A proposed New York law would set forth a stunning precedent for gun owners if passed. Senate Bill 9191 would require that anyone getting a state handgun license to have “his or her social media accounts and search engine history reviewed.”
“We hear about these instances where there’s a mass shooting,” said assemblywoman-elect Jamie Romeo, “but there were all these red flags. People should’ve seen this activity or somebody should have … is there a way that we could’ve seen this before tragedy struck?”
State Sen. Kevin Parker of Brooklyn introduced the bill. If signed into law the bill would allow law enforcement to audit applicants’ search engine history as far back as one year and their social media accounts back three years.
People applying for or renewing their handgun licenses would have their histories searched for “commonly known profane slurs or biased language used to describe the race, color, national origin, ancestry, gender, religion, religious practice, age, disability or sexual orientation of a person.”

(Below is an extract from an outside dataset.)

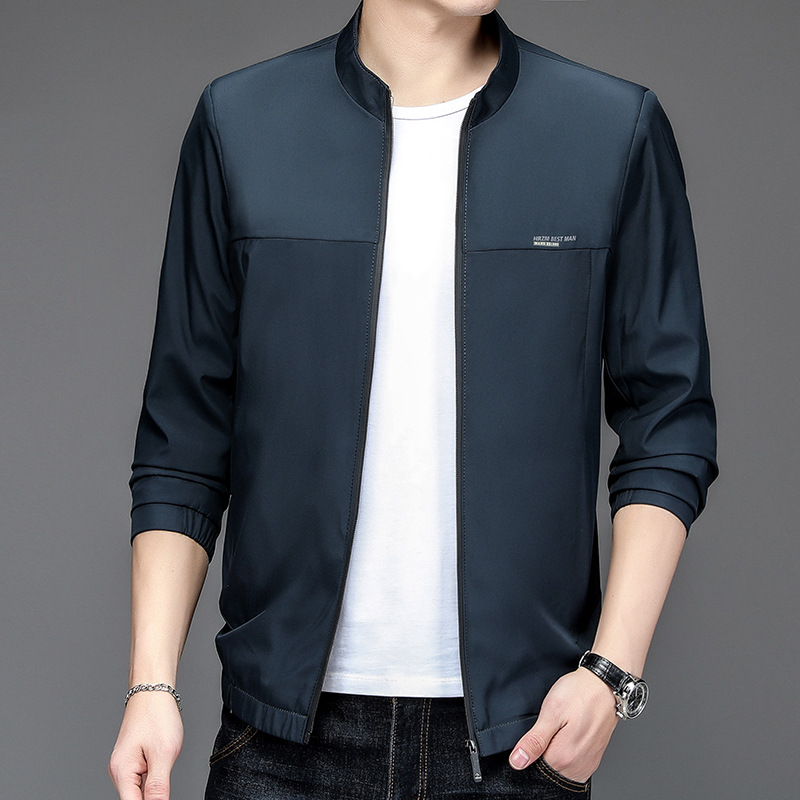 中青年夹克男春秋薄款商务休闲宽松夹克衫男士翻领爸爸装外套

The police would also scan applicants’ social media and search histories for language mentioning violence or terrorism.
Today, @SenatorParker and I are announcing legislation to authorize the @NYSPolice and authorities like the @NYPD to conduct social media and internet search history reviews as part of the background check process for purchasing a gun. Our primary goal must be to #endgunviolence. pic.twitter.com/0IvlhHVRbJ
— Eric Adams (@BPEricAdams) November 2, 2018
“Today, @SenatorParker and I are announcing legislation to authorize the @NYSPolice and authorities like the @NYPD to conduct social media and internet search history reviews as part of the background check process for purchasing a gun,” said local borough president Eric Adams on Twitter. “Our primary goal must be to #endgunviolence.”
“#Hatespeech that incites violence, or indicates the intent to commit violence, is not part of our constitutional tradition,” Adams continued. “As much as we want to eliminate hate speech entirely from our society, our primary goal must always be to end #gunviolence.”
“The Bill of Rights is totally under assault with this particular bill,” said New York Shooters Committee on Political Education, or SCOPE President Tim Andrews. “It’s an invasion of privacy. Some would see it as a Fourth Amendment violation and a violation of the First Amendment, freedom of speech.”
“What might seem offensive to you might not to me, and vice versa,” said Andrews. “And, unfortunately, even bigoted, tasteless speech is protected under the Bill of Rights. Your right to bear arms under the Second Amendment shouldn’t be subject to potentially limiting your First Amendment rights.”
The bill isn’t attached to any other initiatives and it is, most likely, just to continue the push for increased gun control in states with strict restrictions on the Second Amendment already in place. Legislators are using their letterhead to toss around ideas for new kinds of gun control even if it infringes on other amendments in the process.